_Work request_.
Leaving out all pictures, transcribe exactly the lines between the line with "necklace components |" and the last line of the records below, both included.

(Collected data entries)
◇ ◇ ◇ ◇ ◇ ◇ ◇

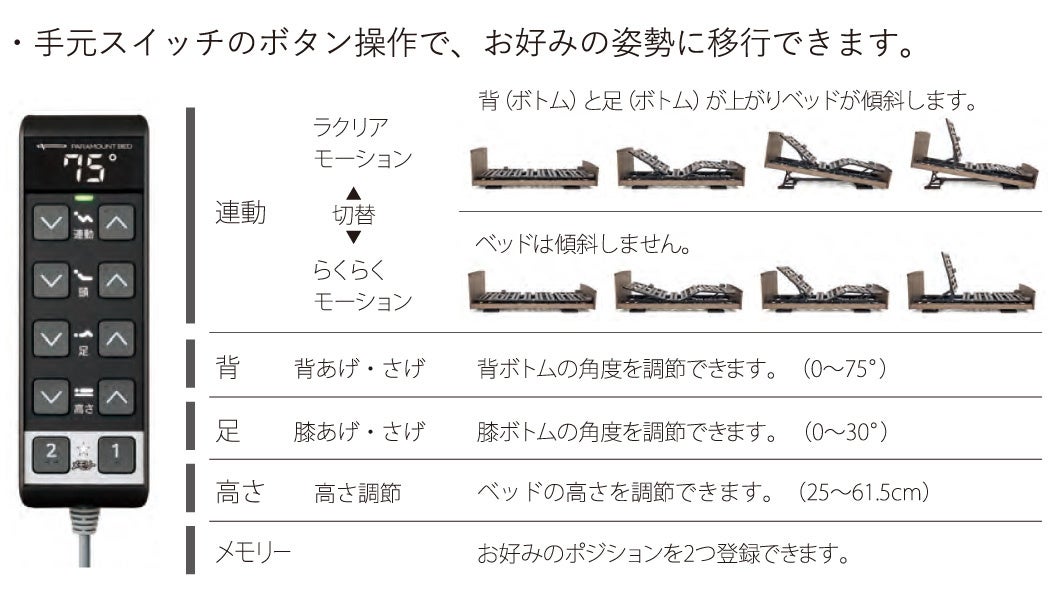 病院用電動ベッドの技術から生まれた、独自のリクライニング機構「ラクリアモーション」を搭載。背ボトムと膝ボトムの動きにベッドの傾斜を組み合わせた、パラマウントベッド独自の「ラクリアモーション」による座り姿勢は、骨盤をしっかりと起こすために安定感があり、腕や上体を動かしやすくします。さらに体圧がお尻と太ももに分散されるので、より長い時間、座ったままでも過ごしやすくなります。また、足先が下がるため、ベッドからの乗り降りもスムーズです。
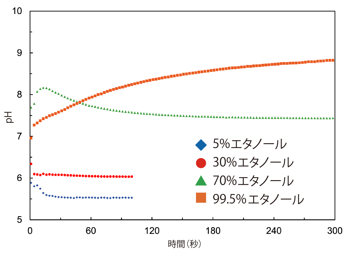 9615S-10D、9681S-10Dを標準液pH 4.01とpH 6.86で2点校正を行い、30%エタノール※4を100秒間測定しました。測定は25.0℃条件下で攪拌状態で行いました。
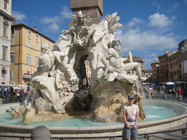 Next, we went to the Piazza Navone – a wide-open area featuring the Fountain of Four Rivers that was highlighted in Angels in Demons. It’s a Bernini fountain and it features a river from the known continents including North America, and the river they chose was the Plate river. I have no idea what the Plate River is. We admired that fountain and the other two and then proceeded north across the bridge of the river Tiber to the courts building. From the court building to the Castel San Angelo there were a ton of little shops featuring everything from electronics to records (the 78 speed type) and the staple of knick-knacks and clothes. I’d been looking to pick up a soccer jersey and finally found an XXL one that fit okay. It’s David Villa’s team Spain soccer jersey. I had to spend the better part of the evening trying to figure out who the heck that was. He is number 7, so it fits in well with my Joe Mauer collection.
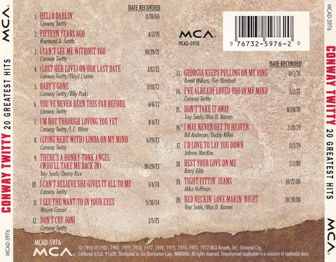 Conway Twitty - 20 Greatest Hits - CD Like-New, Risk-Free 30-Day Money Back Guarantee, with Free Shipping available.
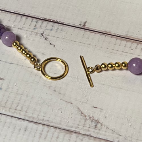 | Materials | Natural Optimized Purple Morganite, Natural Stone Vein Agate beads, gold-plated necklace components |
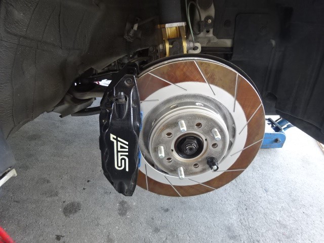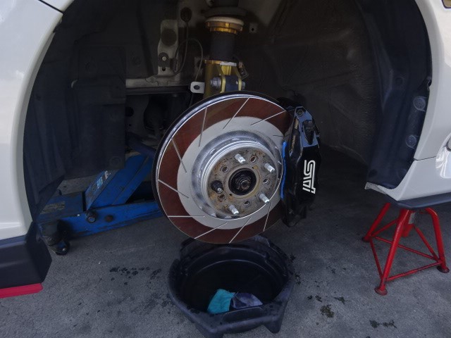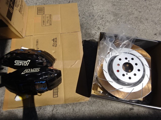 去年から頼まれていた、レボーグにSTIのキャリパー取り付けします。

◇ ◇ ◇ ◇ ◇ ◇ ◇

_Expected answer_.
 | Materials | Natural Optimized Purple Morganite, Natural Stone Vein Agate beads, gold-plated necklace components |
 去年から頼まれていた、レボーグにSTIのキャリパー取り付けします。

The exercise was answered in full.